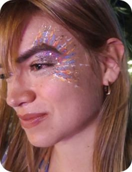 ⚡️ Nos Glitter Make-Ups sont généralement agrémentés de peinture sur visage pour une expérience encore plus vibrante : Aussi, en quelques minutes, nos artistes sont capables de sublimer chaque regard ou encore partie du corps tout en s’adaptant à votre morphologie.
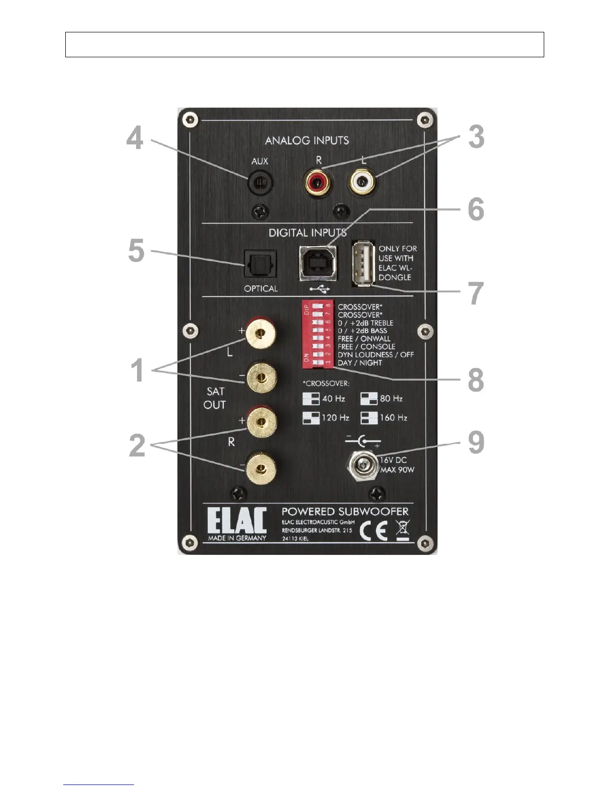7 USB-Anschluss (Typ A) zum Anschluss des ELAC Wireless Empfängers
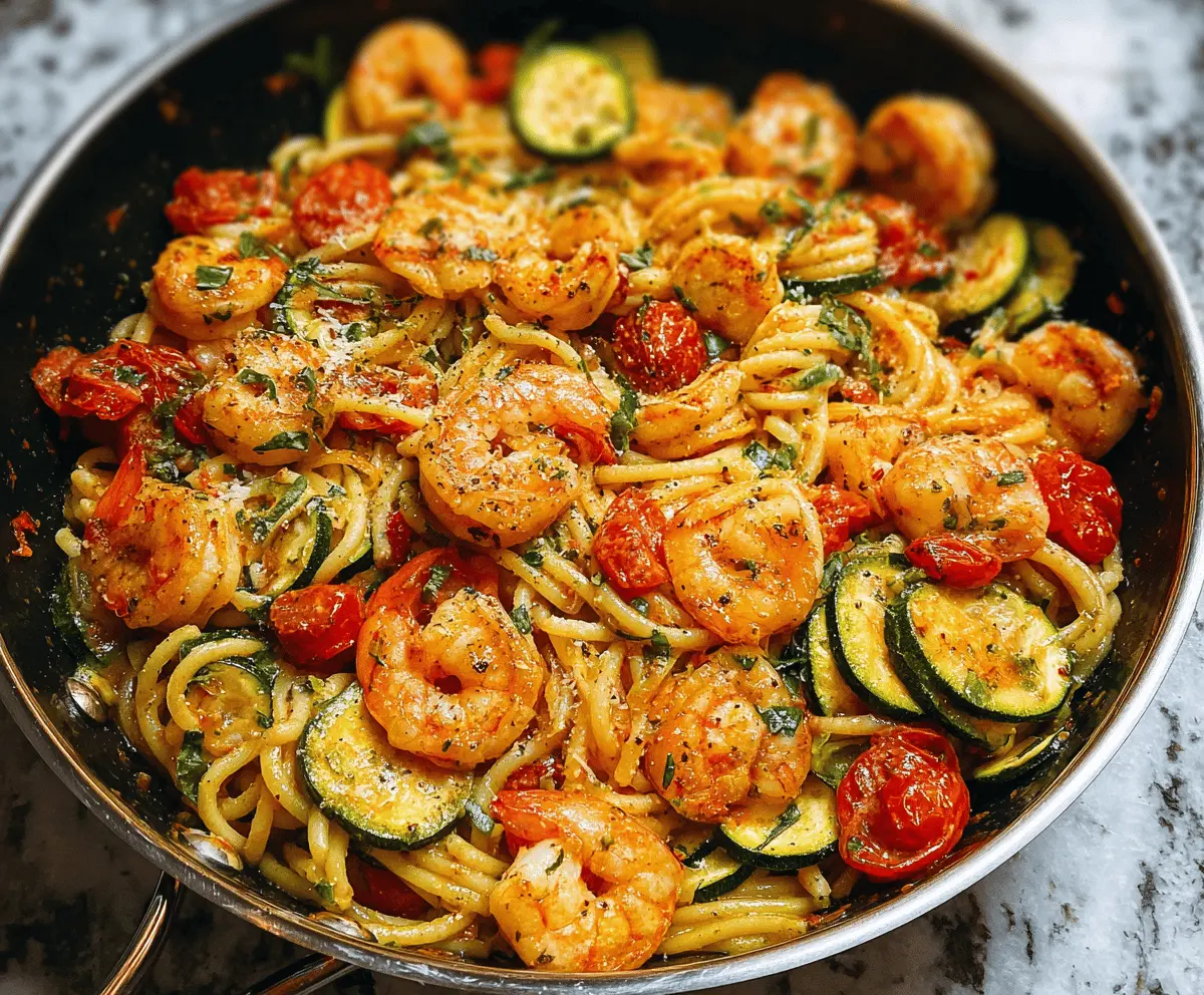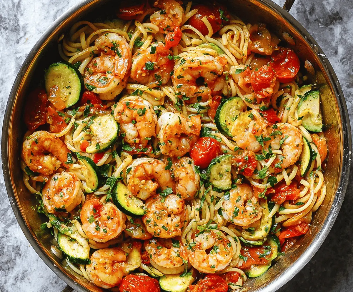 I love making this pasta when I want something quick but still special. The shrimp cook fast and the zucchini adds a nice crunch, so everything keeps a great texture. One tip I always follow is to let the tomatoes gently soften so they become a bit saucy without losing their freshness. It makes every bite feel just right.
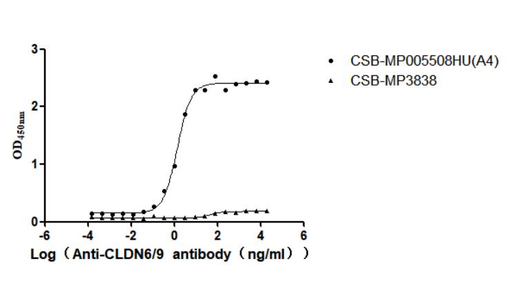 Activity: Measured by its binding ability in a functional ELISA. Immobilized Human CLDN6 (CSB-MP005508HU(A4)) at 10 μg/mL can bind Anti-CLDN6-9 recombinant antibody. The EC50 is 1.189-1.618 ng/mL. The VLPs (CSB-MP3838) is negative control. -
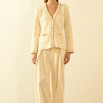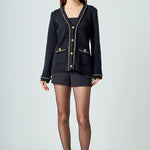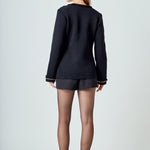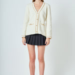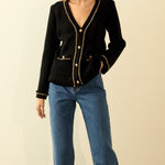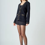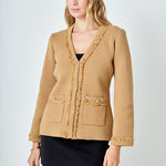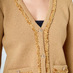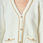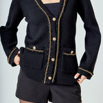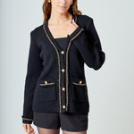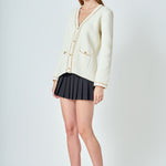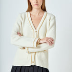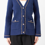 Layer up in style with this Chain Trim Cardigan. This V-neck cardigan features long sleeves and a center front button closure. Buttons at the front pockets give this cardigan a polished touch. The chain trim detail adds a touch of edge to this otherwise classic cardigan. Layer it over a blouse for work or a tee for a casual weekend look.
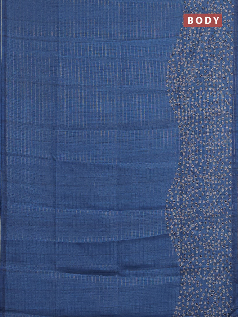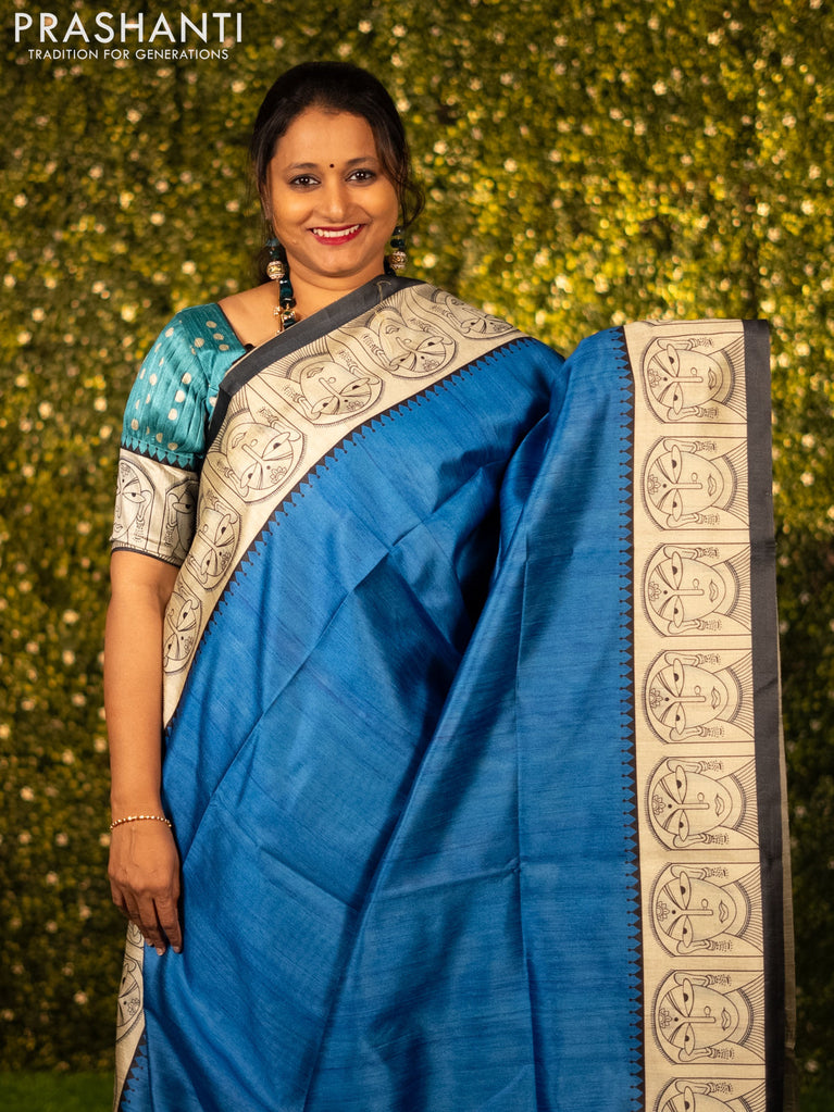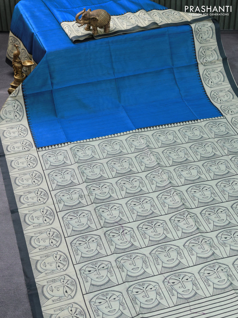 Chappa saree blue and cream with plain body and madhubani printed border

#####

Your objective.
When copying the records above, please match them exactly but leave out all pictures.

Result of the task.
 ⚡️ Nos Glitter Make-Ups sont généralement agrémentés de peinture sur visage pour une expérience encore plus vibrante : Aussi, en quelques minutes, nos artistes sont capables de sublimer chaque regard ou encore partie du corps tout en s’adaptant à votre morphologie.
7 USB-Anschluss (Typ A) zum Anschluss des ELAC Wireless Empfängers
 I love making this pasta when I want something quick but still special. The shrimp cook fast and the zucchini adds a nice crunch, so everything keeps a great texture. One tip I always follow is to let the tomatoes gently soften so they become a bit saucy without losing their freshness. It makes every bite feel just right.
 Activity: Measured by its binding ability in a functional ELISA. Immobilized Human CLDN6 (CSB-MP005508HU(A4)) at 10 μg/mL can bind Anti-CLDN6-9 recombinant antibody. The EC50 is 1.189-1.618 ng/mL. The VLPs (CSB-MP3838) is negative control. -
 Layer up in style with this Chain Trim Cardigan. This V-neck cardigan features long sleeves and a center front button closure. Buttons at the front pockets give this cardigan a polished touch. The chain trim detail adds a touch of edge to this otherwise classic cardigan. Layer it over a blouse for work or a tee for a casual weekend look.
 Chappa saree blue and cream with plain body and madhubani printed border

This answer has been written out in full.